Девочки занимались уроками, и, вглядываясь в их отражающие совсем другие заботы лица, она ловила себя на том, что все время ищет сходство: у Гали глаза и брови е г о, а вот е г о наклон головы и улыбка — у Лены… Да, Юрий присутствовал здесь, конечно же присутствовал. Вот сейчас заскребется в дверях ключ, и в прихожей послышится голос. Только ли ею одной уловимы те нотки — сквозь мальчишескую застенчивость неуемное озорство? Когда это было — давно ли?
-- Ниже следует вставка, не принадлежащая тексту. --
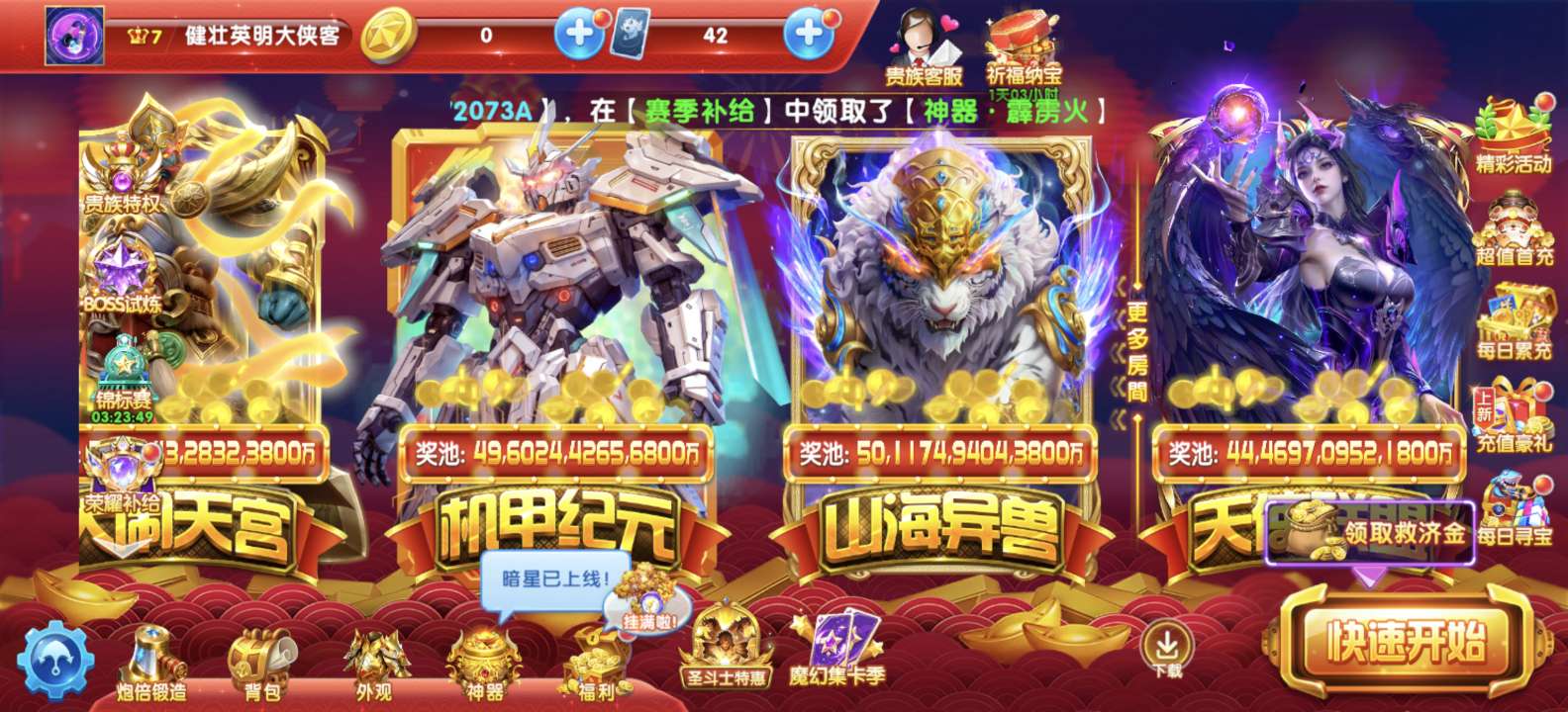 捕鱼大作战加成2023,冥斗士全部都有纯救济3.3兆有新战神

Он вошел шумно, поставил портфель и, замерев в проеме двери, приложил к козырьку руку: «Товарищ жена, ваш муж Юрий Гагарин прибыл в ваше распоряжение. Разрешите приступить к ужину?»
Нет, он уже никогда не войдет в эти двери, никогда… И то, что с нею сейчас происходит, — игра памяти, как будто старая кинолента, снятая про твою жизнь, закрутилась в обратную сторону. Но что же произошло, что? Разве она не должна была готовить себя к этому с той минуты, как стала женой летчика? Эта вечная тревога северного неба, лохматые тучи, снившиеся даже ночью там, в Заполярье, где все только начиналось… И разве Юрий не предупреждал ее об этом в тот вечер, спрятав намек на возможность самого страшного в примелькавшуюся поговорку «семь раз отмерь, один раз отрежь»? Но о чем, как не о безмятежно-голубом счастье, могли мечтать в тот вечер танцев молоденькая телеграфистка и курсант летного училища, подставивший под невесомую ее руку плечо с голубым, как полоска неба, погоном?
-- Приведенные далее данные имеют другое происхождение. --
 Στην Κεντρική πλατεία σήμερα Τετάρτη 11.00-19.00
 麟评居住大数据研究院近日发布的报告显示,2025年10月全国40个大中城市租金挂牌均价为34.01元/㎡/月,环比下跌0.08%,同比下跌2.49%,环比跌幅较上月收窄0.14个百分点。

Прощальный луч мелькнул вдали,
Мелькнул в последний раз…
Кажется, тогда играли танго или вальс-бостон, модный в тот год «Прощальный луч». Чуть смущенный от собственной смелости курсант шел к ней через зал, тихо, словно приглушая в неловкости свой шаг, позвякивая по паркету подковками сапог. «Разрешите?» В первый миг он показался Вале слишком маленьким ростом, гораздо меньше ее. И худенький — мальчишечья шея из просторного ворота гимнастерки. Но когда взял ее руку в свою и повел уверенно, размашисто первым, вторым, третьим шагом, почувствовала: такой не уронит… Что же ей понравилось в нем, что? Почему чуть ли не на следующее воскресенье так опрометчиво пригласила в гости? Кажется, Юра сам напросился полушутя-полусерьезно, узнав, что она готовит фирменные, по собственному засекреченному рецепту пельмени. Да-да, наверное, с той минуты, когда услышала на пороге: «Здравствуйте. Валя дома?» (ведь не была уверена, что придет) — с той минуты каждый раз заставлял сжиматься сердце звонкий голос: «Здравствуйте. Валя дома?»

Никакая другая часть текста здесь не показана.